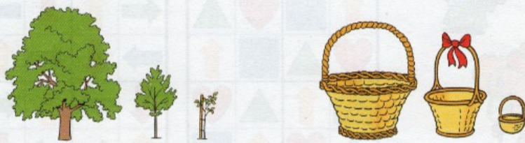
strom - stromek - stromeček
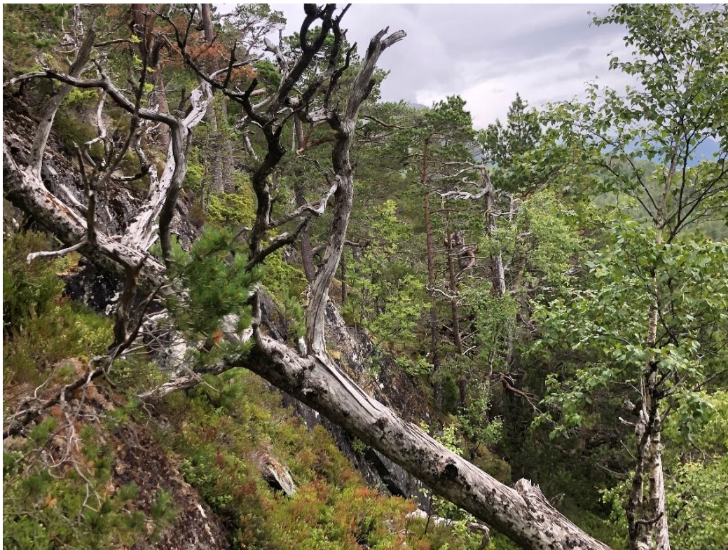
Figur 1 Kudalen ligg i ei sør-sørvestvendt li frå fjord til fjell i midtre Nordfjord og vil bidra til å delvis oppfylle manglane i skogvernet i Vestland.

Statsforvaltaren i Vestland tilrår frivillig skogvern av Kudalen i Stad kommune. Arealet dekkjer heile gradienten frå fjord til fjell i midtre Nordfjord og ligg i ei varm li vendt mot sør- sørvest. Kudalen består av gammal furuskog med bjørk og osp. Mykje lungenever og hengelav er jamt fordelt i området som vart kartlagt. At området ligg i boreonemoral sone, delvis lokalisert i lågareliggjande område og har ein del areal på høgare bonitetar gjer i tillegg området relevant i vernesamanheng. Kudalen har regionale til nasjonale verneverdiar (**/***) stjerner).
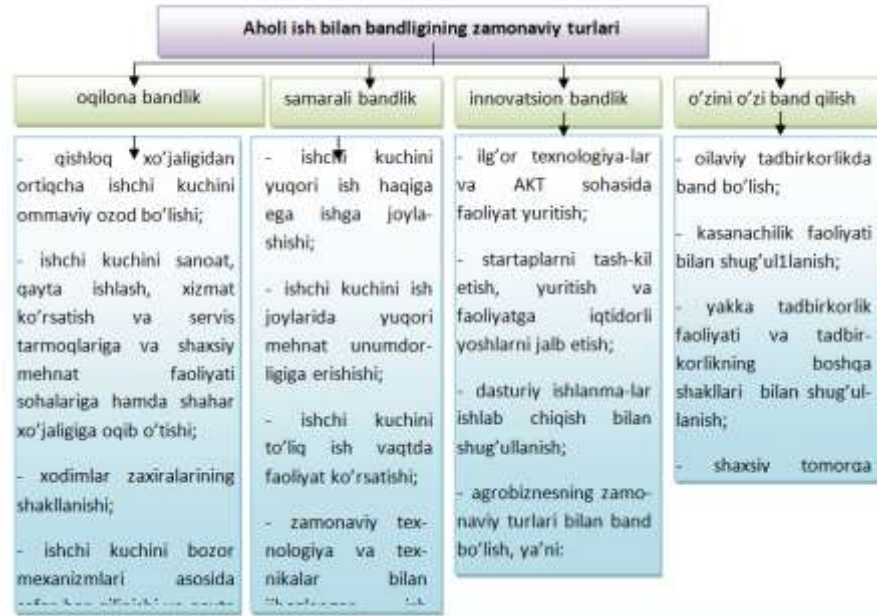
1-rasm. Aholi ish bilan bandligining zamonaviy turlari 149

Aholining ish bilan oqilona bandligi ishchi kuchiga talab va taklif o'rtasidagi moslikga erishishni anglatadi.
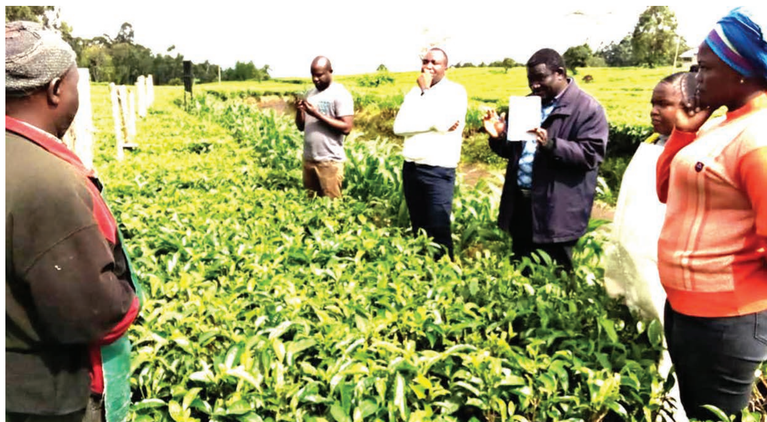
Wataalamu wakiwa kwenye majaribio ya mbolea inayotumika kwenye zao la chai

Mkurugenzi huyo pia anafafanua, sasa kunafanyika utafiti ulioibua aina nane za mbegu, zililotelewa kwa wakulima nchini kati ya mwaka 2012 na 2016 na Kuthibiti Uboza wa Mbegu
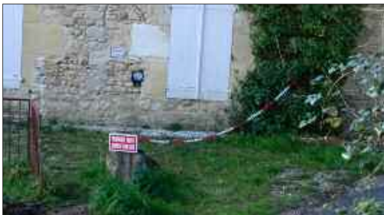
Une chaîne qui entrave la liberté
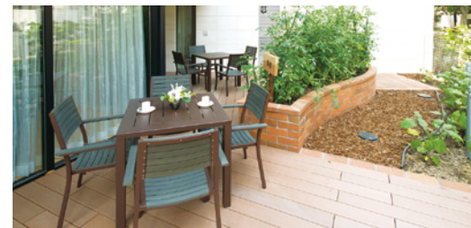
陽光やそよ風が気持ちよいテラス
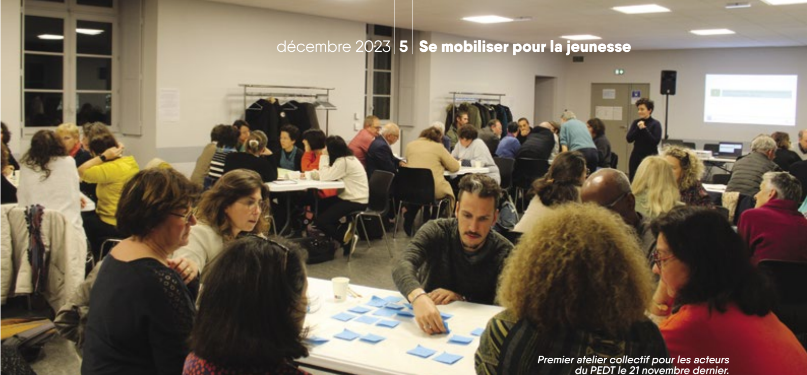
Premier atelier collectif pour les acteurs du PEDT le 21 novembre dernier.
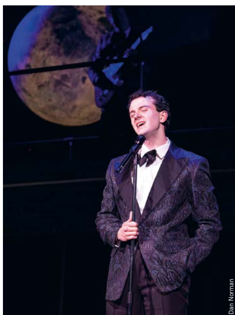
Zonder dat je het wist ken je alle hits van de Four Seasons
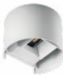
REKA LED EL 7W-O-W
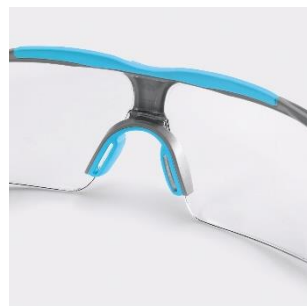
Pont de nez souple
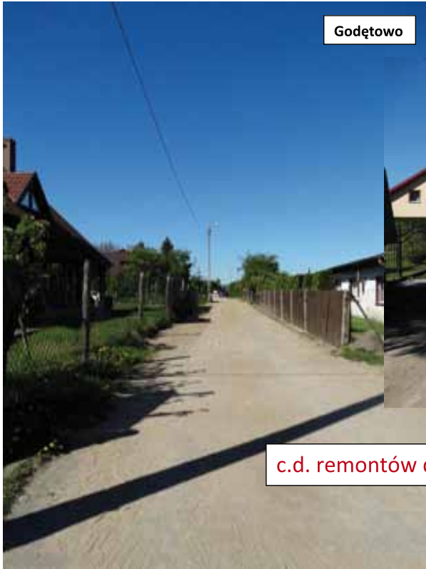
ul. Słoneczna - Łęczycze
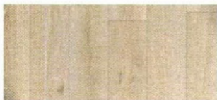
PAVIMENTO in ceramica effetto legno Sigurt Wood Scandinavian Oak [RAK Ceramics, cm 19,5x120].

Velluto nero diffonde un'essenza inebriante e avvolgente [Caleffi, 100 ml, da € 13,90]. | EG
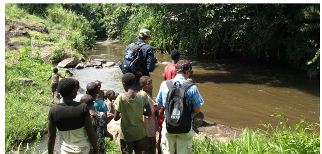
Kollegen am Lower Nsongya River, West Nile Region, Uganda; Zehn 1-20 MW Projekt-Pakete aus Erneuerbaren Energien, Kleinwasserkraft u.a.
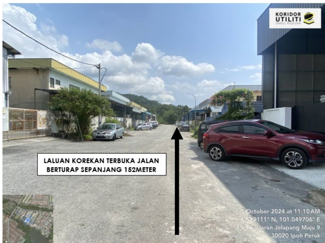
LOKASI DI PERSIARAN JELAPANG MAJU 9
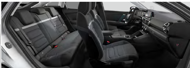
INTERIÉR URBAN GREY (V SÉRII PRE PLUS)
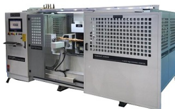
Токарно-фрезерный центр с ЧПУ Dincmak Tormat-Joker
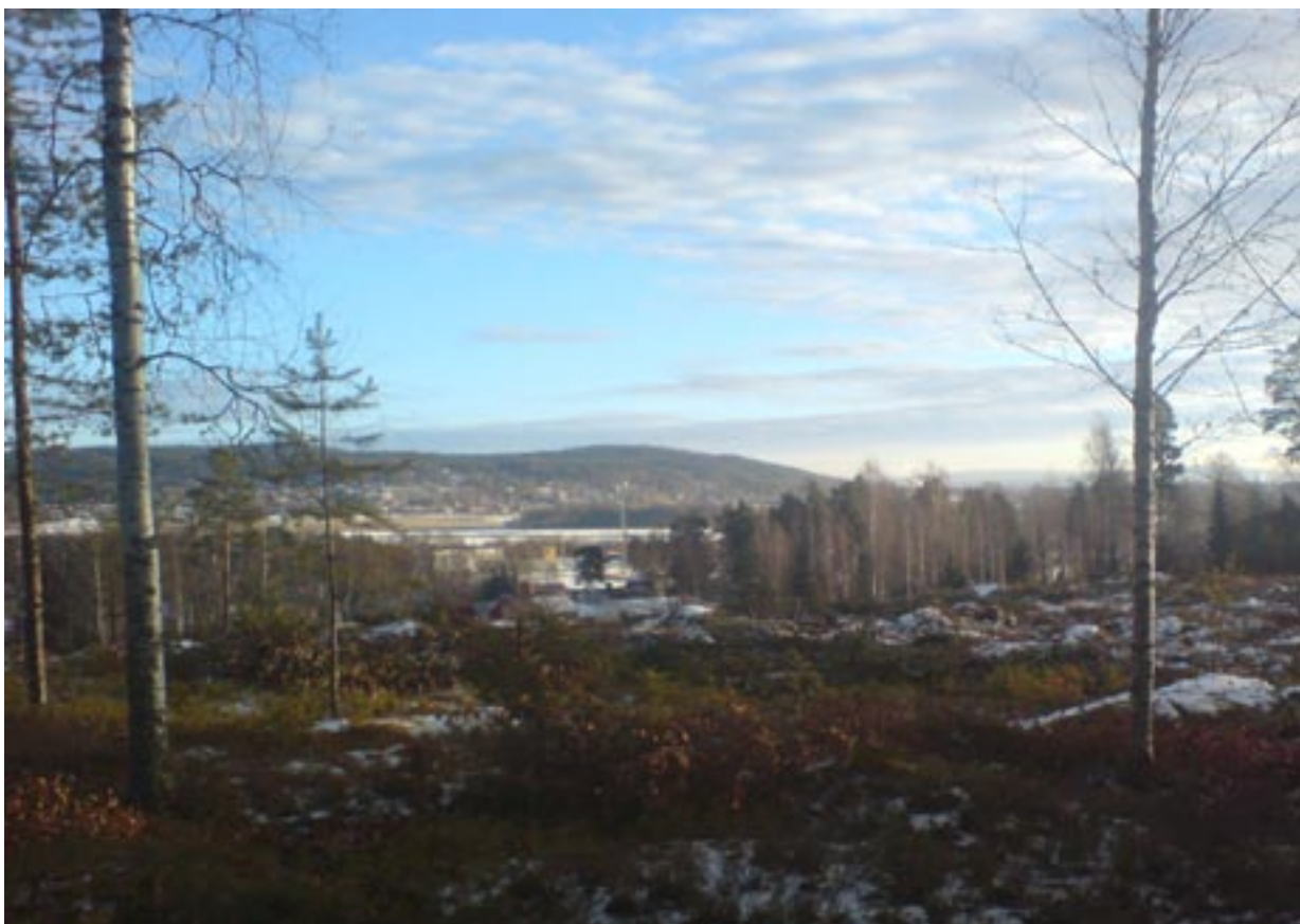
Utblick mot Limsjön

Planprogrammet omfattar den obebyggda, södra delen av Käringberget. Området ligger ca 1 km norr om Leksands Norets centrala delar. Den totala arealen är ca 4,9 ha.
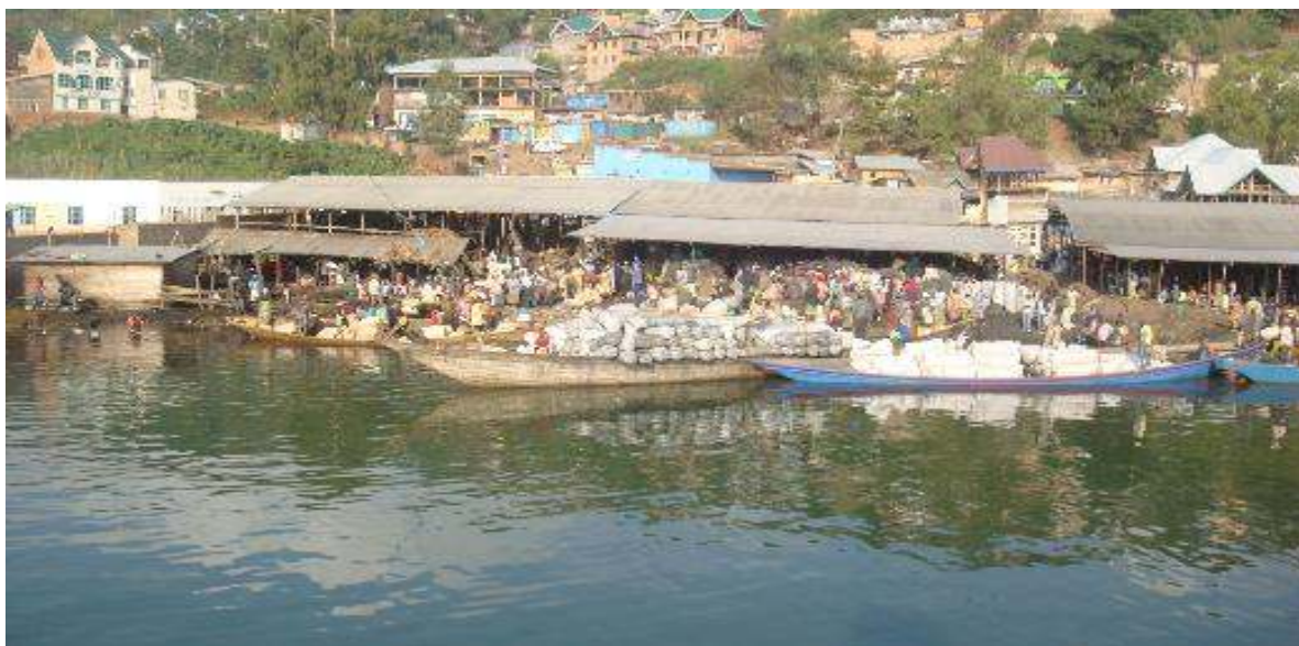
Fig. 2. Couleur des eaux du Lac Kivu affectée par la pollution.

Diverses études ont mis en évidence des différences de composition chimique des eaux entre la zone littorale et le milieu pélagique, d'où l'estimation des pigments chlorophylliens qui confirment donc bien les différences de biomasse phytoplanctonique entre stations côtières et pélagiques du Lac Kivu qui sont belle et bien visibles par la population riveraine (Figure 2).
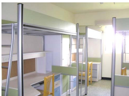
光復一舍（大學部，男）
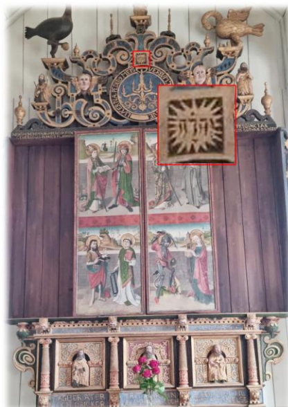
På altarskåpet från 1490-talet finns gudsnamnet JHWH med hebreiska bokstäver
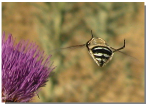
F. fasciata en Onopordum nervosum
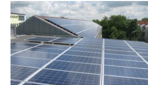
100 kWp Grund- und Mittelschule Eching, Baujahr 2013
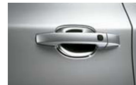
39 Ochrana kľučky dvier

Odolná plastová ochrana prednej časti kapoty motora. Účinne chráni pred odletujúcimi kamienkami.
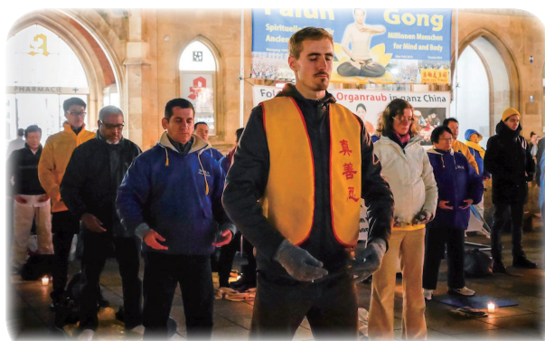
2016年11月4日，来自欧洲不同国家的部份法轮功学员在德国慕尼黑玛丽亚广场（Marienplatz）集体炼功。

艰难的六个月过去了。我眼看着我的职业生涯瓦解。我发展起来的学术合作泡汤了。我无法再好好地教课。我的坎坷不平的爱情也进一步受损。我回到我的家乡。在那里，我的母亲鼓励我尝试“替代疗
= = =
#### PROBLEM DESCRIPTION:
State the number of lines above that hold the string "eaux", with nothing added.

#### REPLY:
2